Mortgage rates: U.S. home mortgages rose to their highest rate since 2008. According to Freddie Mac, the average interest rates on 30-year mortgages rose by more than half a percentage point to 5.78%. The rise in mortgage rates is due to heightened inflation concerns. Thus, the sharp rise in mortgage rates will likely contribute to a slowdown in home prices.

  • In slightly related news, research from Cox Automotive showed that the typical new car payment could be as high as $712 a month due to rising interest rates and car prices. The decline in new-car affordability will likely dampen demand for auto purchases. Cox data shows it takes 41.3 weeks of income for the typical person to afford a new car.
(Source: Cox Automotive)

Bank of Japan: The BOJ held firm in maintaining its ultra-easy monetary policy. Although there were no expectations that the central bank would raise interest rates, there was speculation that the yen’s weakness could pressure the BOJ to change its yield curve control strategy. The yen slumped following the news of inactivity from other central banks. Bank Governor Haruhiko Kuroda stated that the central bank will take appropriate action to decrease bond market liquidity but will avoid tightening monetary policy because it does not want to place downward pressure on the economy.

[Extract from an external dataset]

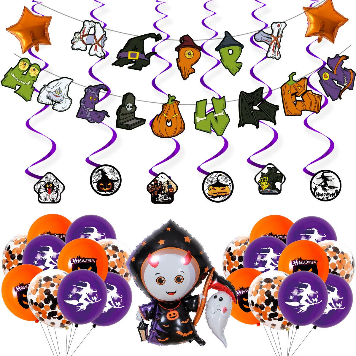 Halloween Party Decoration Aluminum Film And Latex Balloon Suit With Skull Pumpkin Candy Spider Design Round Shape

  • The Bank of Japan would take huge losses on its balance sheet if it were to end monetary easing. According to research from Bloomberg, an upward shift in the yield curve of 100 bps could lead to a $219 billion loss on the BOJ’s holdings.

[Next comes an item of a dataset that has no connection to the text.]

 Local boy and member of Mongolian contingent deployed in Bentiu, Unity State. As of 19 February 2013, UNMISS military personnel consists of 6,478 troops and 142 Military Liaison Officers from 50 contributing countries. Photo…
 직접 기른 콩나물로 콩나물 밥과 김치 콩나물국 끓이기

European fragmentation: The ECB announced it would fund the purchase of bonds through the sale of securities within its portfolio. The central bank wants to prevent bond yield spreads between Eurozone members. The bank will look to prevent widening by purchasing bonds of periphery countries. In related news, Klaas Knot, a member of the ECB Governing Council, stated that he expects rates to increase by 2.00% by 2023. The ECB is currently walking a thin line on its monetary policy by trying to raise rates without leading to another debt crisis. At this time, we are paying close attention to the situation.

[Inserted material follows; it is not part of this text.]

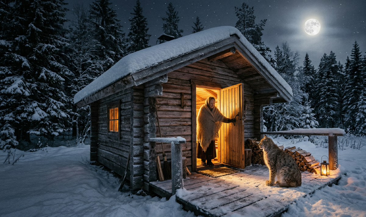 Из темного леса на залитый лунным светом двор вышла огромная рысь. В зубах она несла толстое сосновое полено. Грациозно, почти бесшумно ступая по глубокому снегу своими широкими лапами, дикая кошка приблизилась к крыльцу. Она аккуратно положила свою ношу поверх уже собранной кучи сучьев, немного постояла, прислушиваясь к звукам в доме, после чего тихо, почти по-домашнему заурчала.
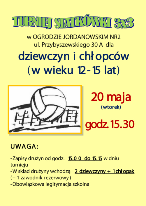 W dniu 20-05-2014 w Ogrodzie Jordanowskim Nr 2 rozegrany został turniej siatkówki. Do rywalizacji przystąpiło 5 drużyn, które grały systemem każdy z każdym o nagrodę specjalną – ciasto czekoladowe.

China sales slump: A major Chinese retailer expressed concern about consumer reluctance to shop. The drop in sales suggests that consumer confidence is still low after easing COVID restrictions. If this continues, the lack of demand could lead to weaker economic growth in China.

COVID-19: Official data show confirmed cases have risen to 537,736,109 worldwide, with 6,315,979 deaths. The countries currently reporting the highest rates of new infections include the U.S., Taiwan, Australia, and Germany. (For an interactive chart that allows you to compare cases and deaths among countries, scaled by population, click here.) In the U.S., confirmed cases have risen to 86,050,615, with 1,013,006 deaths. Regarding the U.S. vaccination program, the number of people considered fully vaccinated now totals 221,924,152, equal to 66.8% of the total population.